(Assignment):
Return an exact copy of the entries, skipping any picture you find.

---

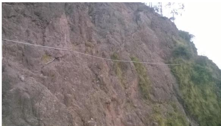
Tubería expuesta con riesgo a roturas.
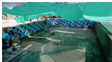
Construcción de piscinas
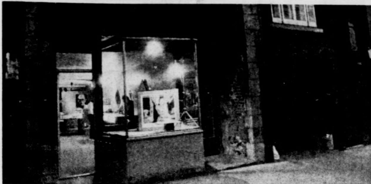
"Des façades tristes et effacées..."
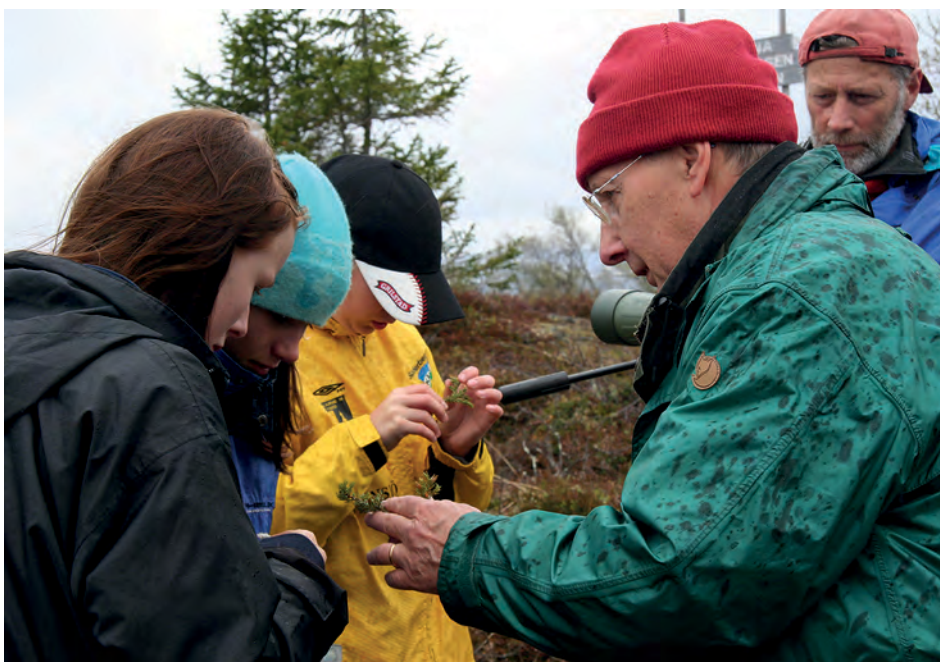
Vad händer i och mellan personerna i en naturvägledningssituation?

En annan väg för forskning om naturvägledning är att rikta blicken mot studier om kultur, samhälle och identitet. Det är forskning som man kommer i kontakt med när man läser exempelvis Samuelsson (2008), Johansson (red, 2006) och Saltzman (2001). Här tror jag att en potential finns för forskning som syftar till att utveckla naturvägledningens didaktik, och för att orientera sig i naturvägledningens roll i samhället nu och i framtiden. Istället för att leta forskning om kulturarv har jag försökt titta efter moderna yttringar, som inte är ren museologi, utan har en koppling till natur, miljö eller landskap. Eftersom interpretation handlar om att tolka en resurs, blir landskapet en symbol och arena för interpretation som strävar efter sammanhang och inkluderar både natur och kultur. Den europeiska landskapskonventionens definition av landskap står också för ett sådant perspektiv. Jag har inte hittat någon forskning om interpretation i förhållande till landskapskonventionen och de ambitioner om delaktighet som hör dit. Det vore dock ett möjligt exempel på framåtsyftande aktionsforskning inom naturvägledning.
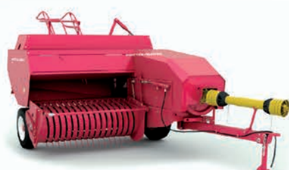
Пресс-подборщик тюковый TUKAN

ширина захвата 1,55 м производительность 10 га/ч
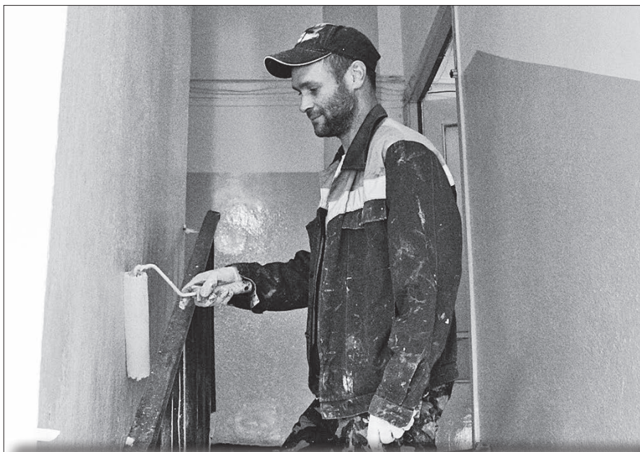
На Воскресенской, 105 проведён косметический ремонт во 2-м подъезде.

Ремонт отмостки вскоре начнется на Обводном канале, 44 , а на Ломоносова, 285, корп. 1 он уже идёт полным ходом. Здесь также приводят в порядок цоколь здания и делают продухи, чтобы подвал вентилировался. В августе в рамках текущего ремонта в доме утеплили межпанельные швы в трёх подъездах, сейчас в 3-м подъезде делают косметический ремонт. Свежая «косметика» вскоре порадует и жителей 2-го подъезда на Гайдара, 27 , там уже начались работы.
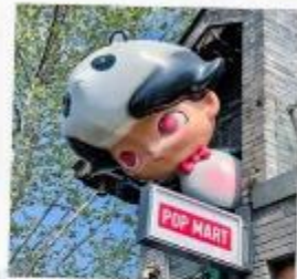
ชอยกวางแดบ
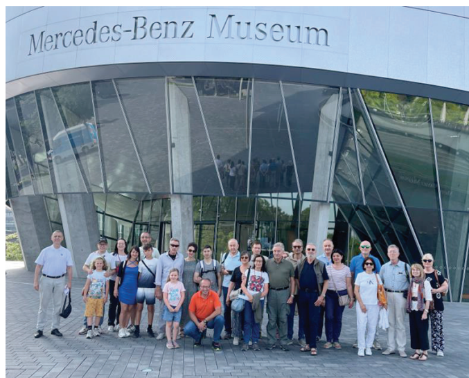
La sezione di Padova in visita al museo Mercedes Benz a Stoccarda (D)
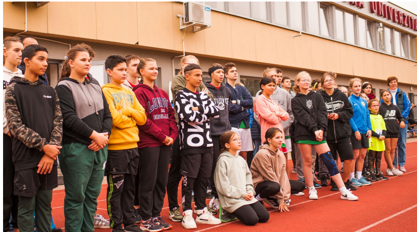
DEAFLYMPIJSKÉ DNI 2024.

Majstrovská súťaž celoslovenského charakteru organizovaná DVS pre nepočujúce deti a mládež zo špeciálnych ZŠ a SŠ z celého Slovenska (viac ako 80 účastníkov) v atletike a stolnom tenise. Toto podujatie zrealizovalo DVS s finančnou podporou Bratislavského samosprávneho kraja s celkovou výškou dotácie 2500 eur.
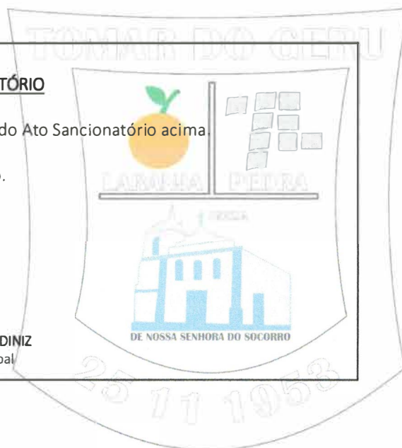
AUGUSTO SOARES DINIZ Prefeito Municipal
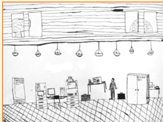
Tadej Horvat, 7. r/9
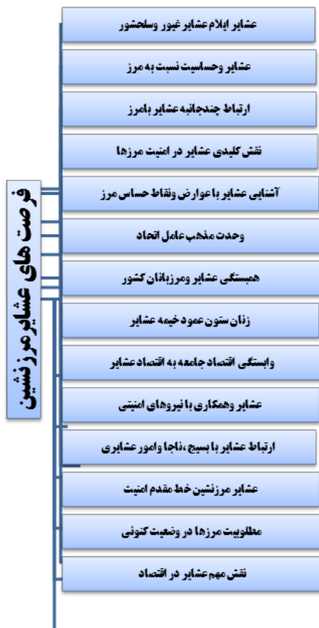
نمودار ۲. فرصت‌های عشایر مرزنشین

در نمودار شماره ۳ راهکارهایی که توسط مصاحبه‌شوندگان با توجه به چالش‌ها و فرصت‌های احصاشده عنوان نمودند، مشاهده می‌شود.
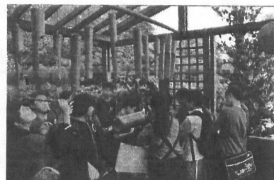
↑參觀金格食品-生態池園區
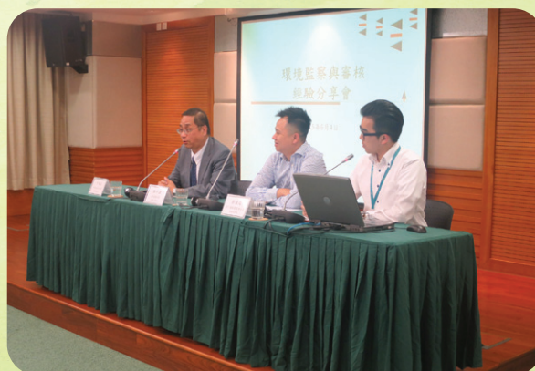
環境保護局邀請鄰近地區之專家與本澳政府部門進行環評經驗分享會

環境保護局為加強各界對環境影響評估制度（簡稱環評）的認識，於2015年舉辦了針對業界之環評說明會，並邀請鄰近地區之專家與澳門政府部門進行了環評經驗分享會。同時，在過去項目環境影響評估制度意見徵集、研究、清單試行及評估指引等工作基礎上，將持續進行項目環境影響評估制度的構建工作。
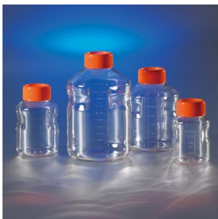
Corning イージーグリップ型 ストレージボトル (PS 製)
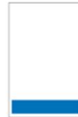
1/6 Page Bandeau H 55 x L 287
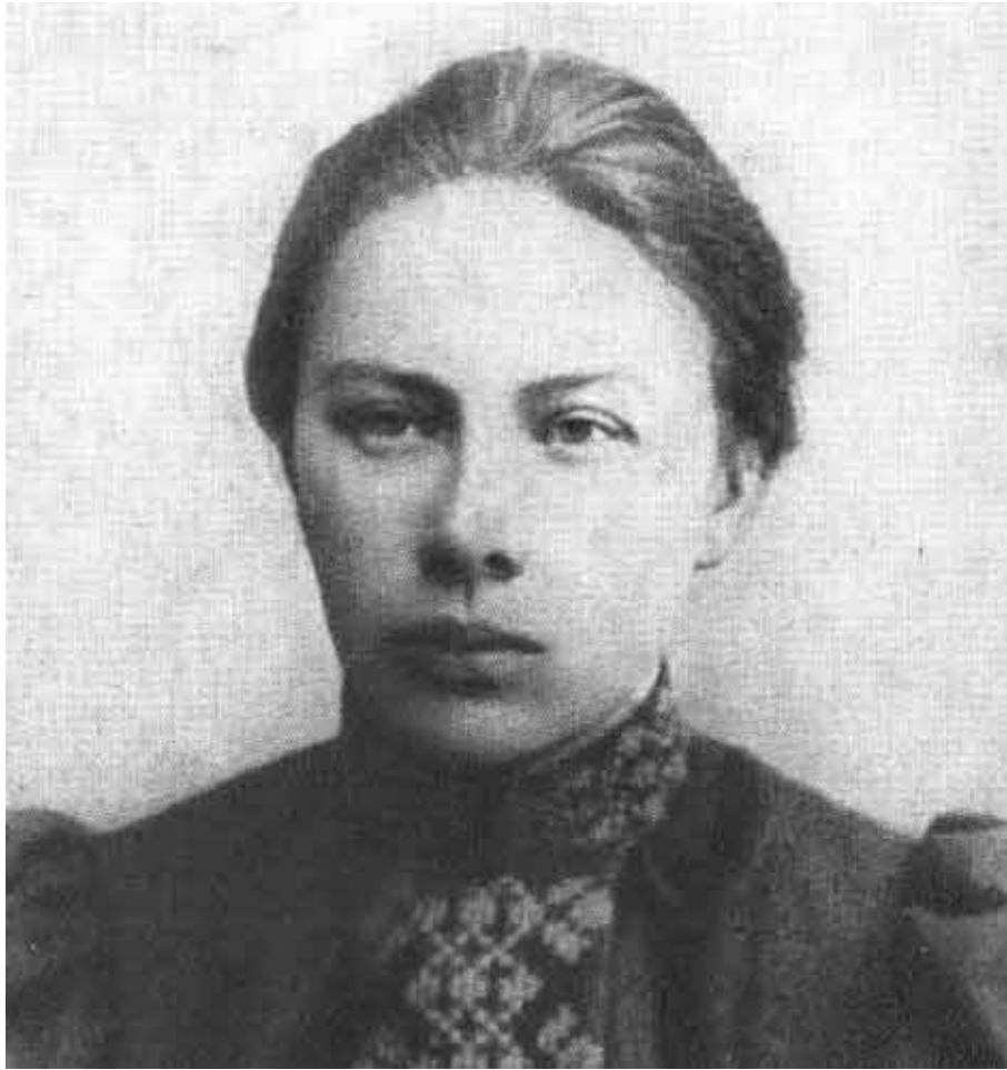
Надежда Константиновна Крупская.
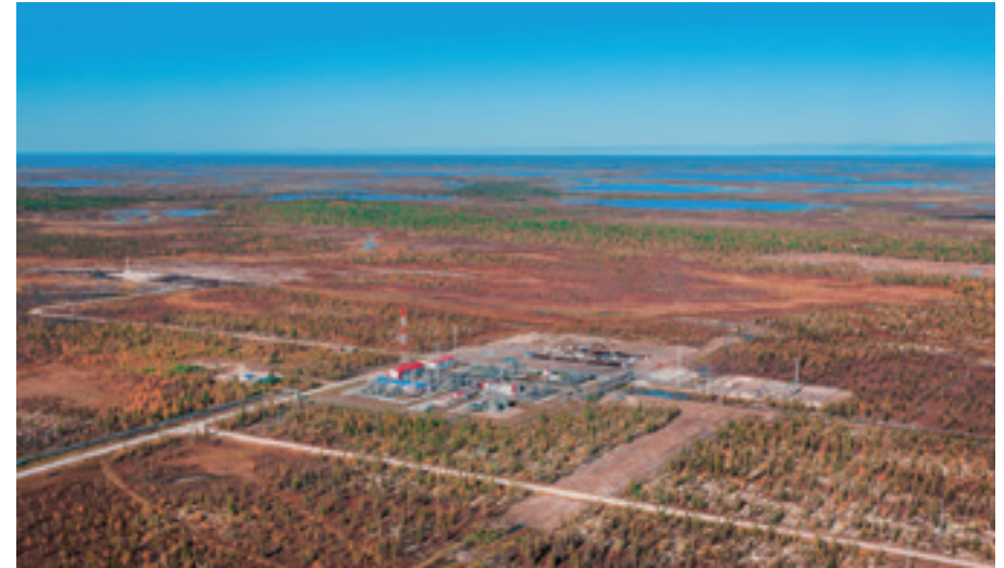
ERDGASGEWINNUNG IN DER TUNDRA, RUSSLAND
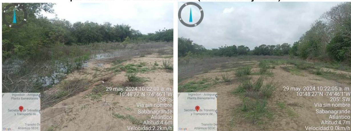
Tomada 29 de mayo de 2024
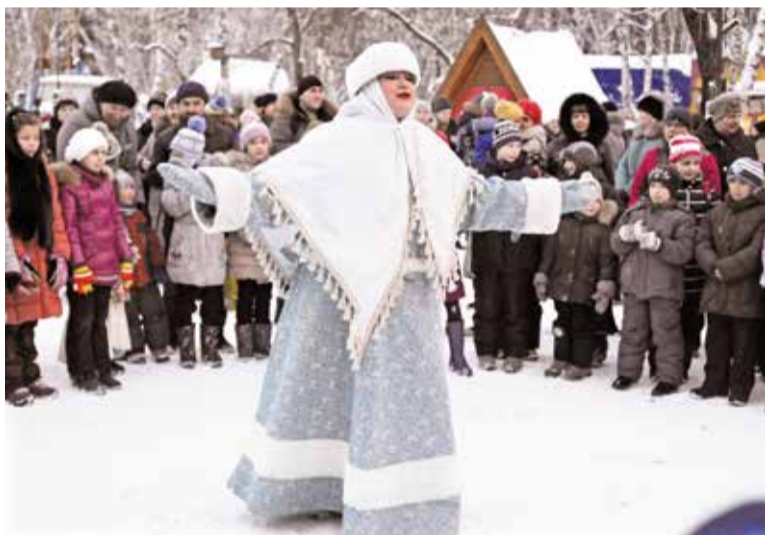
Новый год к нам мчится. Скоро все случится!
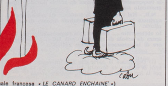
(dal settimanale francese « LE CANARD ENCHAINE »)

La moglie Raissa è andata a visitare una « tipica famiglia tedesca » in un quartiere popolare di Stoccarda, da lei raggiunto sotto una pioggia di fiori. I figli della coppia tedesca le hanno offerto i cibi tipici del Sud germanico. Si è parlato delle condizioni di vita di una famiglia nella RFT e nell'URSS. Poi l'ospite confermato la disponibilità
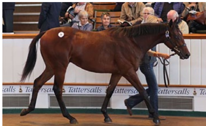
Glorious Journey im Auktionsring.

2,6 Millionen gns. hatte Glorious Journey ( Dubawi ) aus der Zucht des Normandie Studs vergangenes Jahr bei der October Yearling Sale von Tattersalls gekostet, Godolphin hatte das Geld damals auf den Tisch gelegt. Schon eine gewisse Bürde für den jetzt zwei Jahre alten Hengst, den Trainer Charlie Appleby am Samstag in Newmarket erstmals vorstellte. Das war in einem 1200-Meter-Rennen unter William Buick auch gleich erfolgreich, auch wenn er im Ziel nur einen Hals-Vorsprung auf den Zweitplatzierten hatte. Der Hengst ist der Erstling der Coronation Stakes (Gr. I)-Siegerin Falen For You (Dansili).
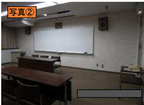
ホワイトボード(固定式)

---

(Worked solution):
Tubería expuesta con riesgo a roturas.
Construcción de piscinas
"Des façades tristes et effacées..."
Vad händer i och mellan personerna i en naturvägledningssituation?

En annan väg för forskning om naturvägledning är att rikta blicken mot studier om kultur, samhälle och identitet. Det är forskning som man kommer i kontakt med när man läser exempelvis Samuelsson (2008), Johansson (red, 2006) och Saltzman (2001). Här tror jag att en potential finns för forskning som syftar till att utveckla naturvägledningens didaktik, och för att orientera sig i naturvägledningens roll i samhället nu och i framtiden. Istället för att leta forskning om kulturarv har jag försökt titta efter moderna yttringar, som inte är ren museologi, utan har en koppling till natur, miljö eller landskap. Eftersom interpretation handlar om att tolka en resurs, blir landskapet en symbol och arena för interpretation som strävar efter sammanhang och inkluderar både natur och kultur. Den europeiska landskapskonventionens definition av landskap står också för ett sådant perspektiv. Jag har inte hittat någon forskning om interpretation i förhållande till landskapskonventionen och de ambitioner om delaktighet som hör dit. Det vore dock ett möjligt exempel på framåtsyftande aktionsforskning inom naturvägledning.
Пресс-подборщик тюковый TUKAN

ширина захвата 1,55 м производительность 10 га/ч
На Воскресенской, 105 проведён косметический ремонт во 2-м подъезде.

Ремонт отмостки вскоре начнется на Обводном канале, 44 , а на Ломоносова, 285, корп. 1 он уже идёт полным ходом. Здесь также приводят в порядок цоколь здания и делают продухи, чтобы подвал вентилировался. В августе в рамках текущего ремонта в доме утеплили межпанельные швы в трёх подъездах, сейчас в 3-м подъезде делают косметический ремонт. Свежая «косметика» вскоре порадует и жителей 2-го подъезда на Гайдара, 27 , там уже начались работы.
ชอยกวางแดบ
La sezione di Padova in visita al museo Mercedes Benz a Stoccarda (D)
DEAFLYMPIJSKÉ DNI 2024.

Majstrovská súťaž celoslovenského charakteru organizovaná DVS pre nepočujúce deti a mládež zo špeciálnych ZŠ a SŠ z celého Slovenska (viac ako 80 účastníkov) v atletike a stolnom tenise. Toto podujatie zrealizovalo DVS s finančnou podporou Bratislavského samosprávneho kraja s celkovou výškou dotácie 2500 eur.
AUGUSTO SOARES DINIZ Prefeito Municipal
Tadej Horvat, 7. r/9
نمودار ۲. فرصت‌های عشایر مرزنشین

در نمودار شماره ۳ راهکارهایی که توسط مصاحبه‌شوندگان با توجه به چالش‌ها و فرصت‌های احصاشده عنوان نمودند، مشاهده می‌شود.
↑參觀金格食品-生態池園區
環境保護局邀請鄰近地區之專家與本澳政府部門進行環評經驗分享會

環境保護局為加強各界對環境影響評估制度（簡稱環評）的認識，於2015年舉辦了針對業界之環評說明會，並邀請鄰近地區之專家與澳門政府部門進行了環評經驗分享會。同時，在過去項目環境影響評估制度意見徵集、研究、清單試行及評估指引等工作基礎上，將持續進行項目環境影響評估制度的構建工作。
Corning イージーグリップ型 ストレージボトル (PS 製)
1/6 Page Bandeau H 55 x L 287
Надежда Константиновна Крупская.
ERDGASGEWINNUNG IN DER TUNDRA, RUSSLAND
Tomada 29 de mayo de 2024
Новый год к нам мчится. Скоро все случится!
(dal settimanale francese « LE CANARD ENCHAINE »)

La moglie Raissa è andata a visitare una « tipica famiglia tedesca » in un quartiere popolare di Stoccarda, da lei raggiunto sotto una pioggia di fiori. I figli della coppia tedesca le hanno offerto i cibi tipici del Sud germanico. Si è parlato delle condizioni di vita di una famiglia nella RFT e nell'URSS. Poi l'ospite confermato la disponibilità
Glorious Journey im Auktionsring.

2,6 Millionen gns. hatte Glorious Journey ( Dubawi ) aus der Zucht des Normandie Studs vergangenes Jahr bei der October Yearling Sale von Tattersalls gekostet, Godolphin hatte das Geld damals auf den Tisch gelegt. Schon eine gewisse Bürde für den jetzt zwei Jahre alten Hengst, den Trainer Charlie Appleby am Samstag in Newmarket erstmals vorstellte. Das war in einem 1200-Meter-Rennen unter William Buick auch gleich erfolgreich, auch wenn er im Ziel nur einen Hals-Vorsprung auf den Zweitplatzierten hatte. Der Hengst ist der Erstling der Coronation Stakes (Gr. I)-Siegerin Falen For You (Dansili).
ホワイトボード(固定式)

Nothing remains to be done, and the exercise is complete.